Looking then to the final prejudice factor, Scott claims that Judge Ball failed to appropriately consider the impediment to his ability to locate witnesses. While not laid out in his objection, Scott did list several witnesses in his traverse, including his three former roommates, Demarco Stewart, Zachary Davis, and Lamin Williams, who he claims would have provided alibi testimony. Traverse [8] at 37.[2] The state-court record reflects that Scott's attorney was unable to locate Stewart; the prosecutor located Davis, who was living in Illinois; and Williams was subpoenaed by the prosecutor and reported for trial. State Court Record [7-3] at 22-24. So the delay's impact on his ability to find Davis and Williams is not apparent.

And in any event, Judge Ball correctly observed that Scott failed to demonstrate to the state court that these witnesses would actually provide an alibi as he now claims. Under those circumstances, the state court's ruling was reasonable. See Cowart v. Hargett, 16 F.3d 642, 648 (5th Cir. 1994) (declining to find actual prejudice resulting from the alleged inability to call an alibi witness and noting "such arguments are generally viewed with disfavor when, as here, the allegation is not supported by the production of the witness who allegedly would have altered the outcome of the trial"); see also Divers v. Cain, 698 F.3d 211, 217 (5th Cir. 2012) ("Very few petitioners' can make the requisite showing, and due to the somewhat indeterminate and fact-intensive nature of the speedy trial right, our always-substantial deference is at an apex.'" (quoting Amos v. Thornton, 646 F.3d 199, 204-05 (5th Cir. 2011)). Habeas relief based on ground three was properly denied.
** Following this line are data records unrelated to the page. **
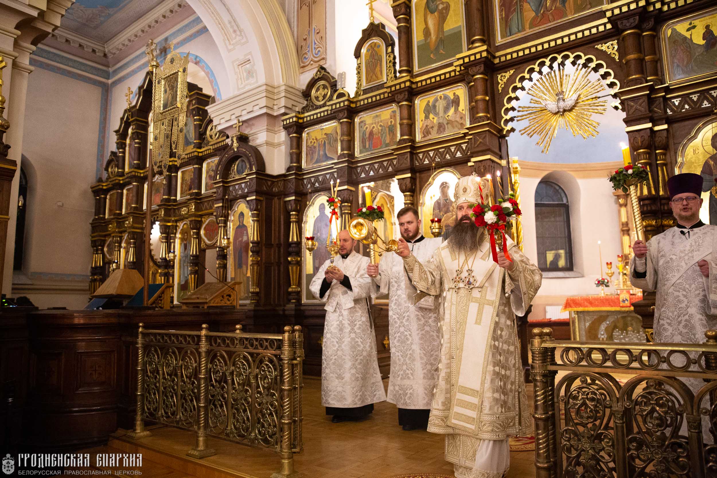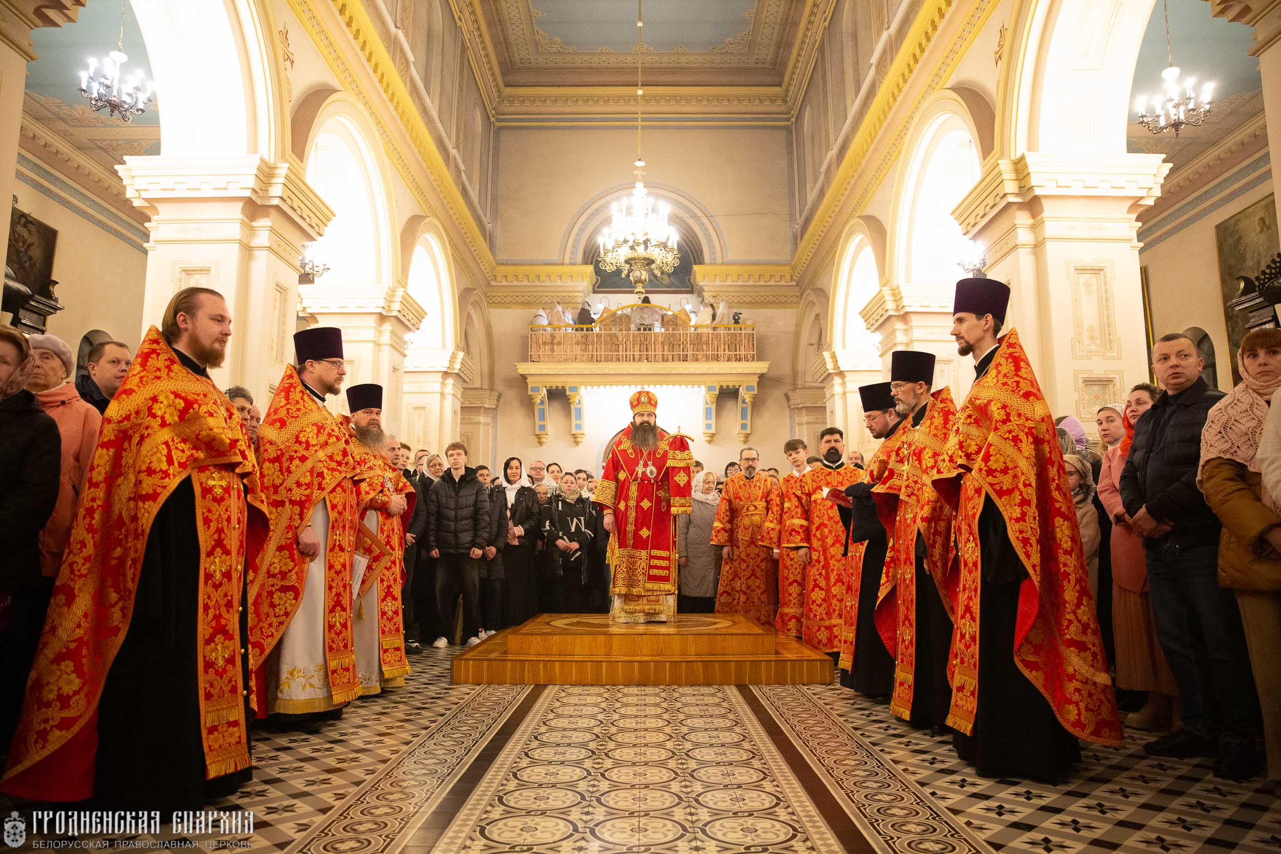 Его Высокопреосвященству сослужили: протоиерей Григорий Беляцкий, настоятель кафедрального собора Покрова Пресвятой Богородицы; иерей Александр Гук, руководитель отдела по церковной благотворительности и социальному служению Гродненской епархии; клирики кафедрального собора.
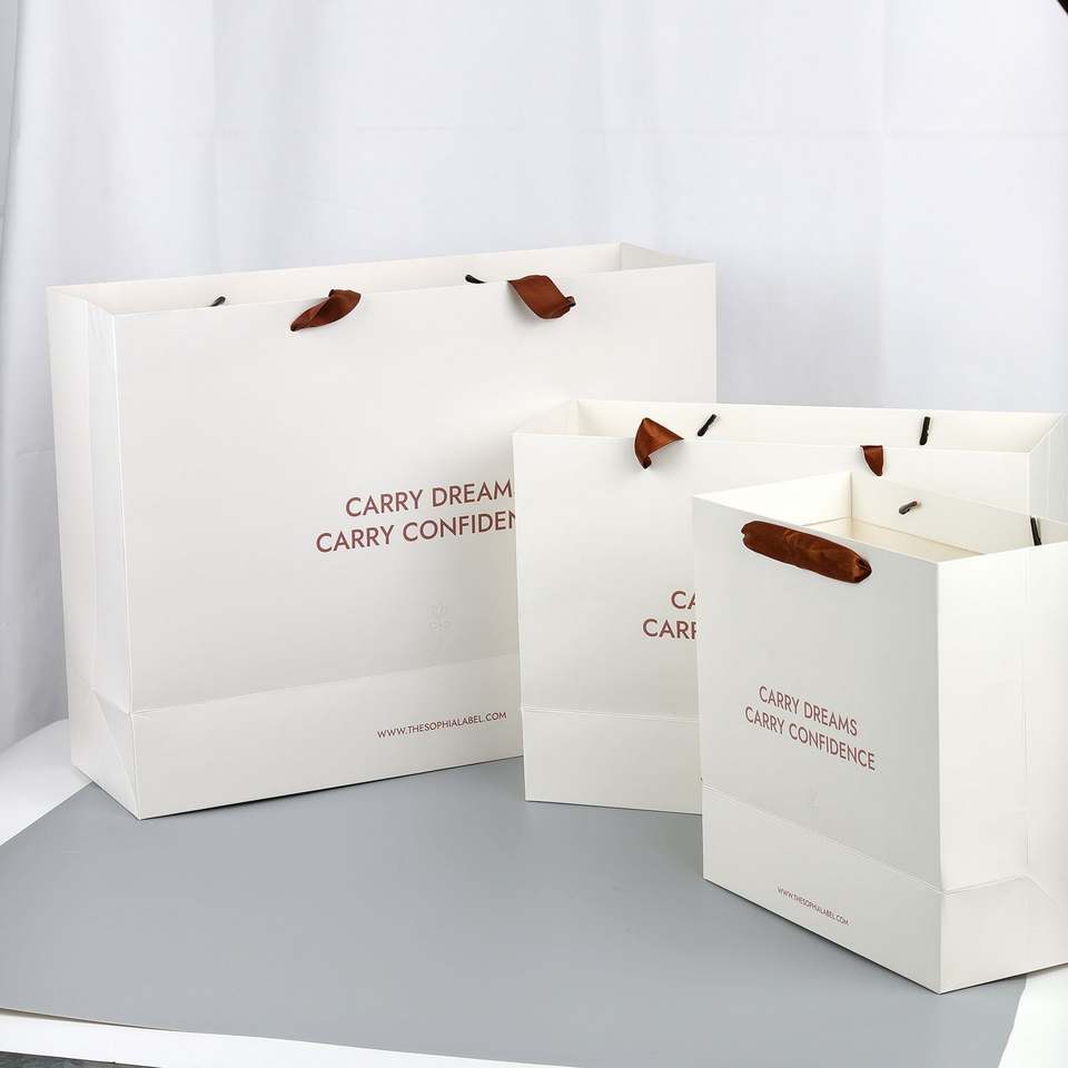 Custom Logo Recyclable Jewelry Bags with Ribbon Handle, UV & Screen Printing
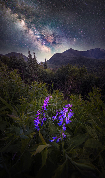 The White Mountains are one of the most spectacular places to photograph the Milky Way in the Northeastern United States. Towering peaks, dramatic ridges, quiet valleys, and pristine lakes create a magical setting to capture the night sky. In July, the region comes alive with lush greenery and, depending on the season, colorful wildflowers that add another layer of beauty to the landscapes.
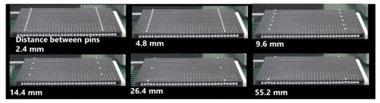 The purpose of this experiment was to clarify whether there is an important relationship between the VHI and tactile Gestalt. Since the VHI is not induced without movement or when the stimulus condition is a single line, it was assumed that the laws of closure and common fate were the essential factors for VHI induction. Thus, the effects of these factors on the intensity of the VHI were investigated. The basic stimulus conditions were as follows. The line length was 55.2 mm; the distance between the two parallel lines was 60 mm; the stroke was 14.4 mm; and the average speed of the line movement was 80 mm/s. Six types of line conditions were prepared, as shown in Figure 6, in which the interval between the pins was set to 55.2, 26.4, 14.4, 9.6, 4.8 and 2.4 mm. If the law of closure was an essential factor of VHI induction, the VHI would disappear when the participants could no longer recognize the line formed with pins. This experimental trial consisted of six stimulus conditions, and each participant performed this trial four times. In each trial, six types of stimuli were provided to the participants randomly, and they were asked to respond with a “yes” or “no” to questions confirming the VHI appearance.

4. Ground Four: Ineffective Assistance of Counsel

Ineffective assistance claims are analyzed using the test set out in Strickland v. Washington, which is "highly deferential." 466 U.S. 668, 689 (1984). And "[e]stablishing that a state court's application of Strickland was unreasonable under § 2254(d) is all the more difficult." Harrington, 131 S.Ct. at 788. "When § 2254(d) applies, the question is not whether counsel's actions were reasonable. The question is whether there is any reasonable argument that counsel satisfied Strickland's deferential standard." Id. In other words, the standard is "doubly deferential." Knowles v. Mirzayance, 556 U.S. 111, 123 (2009). Scott argues in favor of the application of the standard set forth in Lowery v. Caldwell, 575 F.2d 727 (9th Cir. 1978), a Ninth Circuit Court of Appeals case that pre-dates Strickland. But as the Court has explained, the focus under § 2254(d)(2) is on the decisions of the United States Supreme Court. Judge Ball's analysis of this issue was thorough and requires no additional comment.

III. Conclusion

In sum, the Court finds that the Report and Recommendation of Magistrate Judge F. Keith Ball should be adopted in its entirely and this action should be dismissed with prejudice. Arguments not specifically addressed in this Order were considered by the Court and would not change the result. A separate judgment will be entered in accordance with Federal Rule of Civil Procedure 58.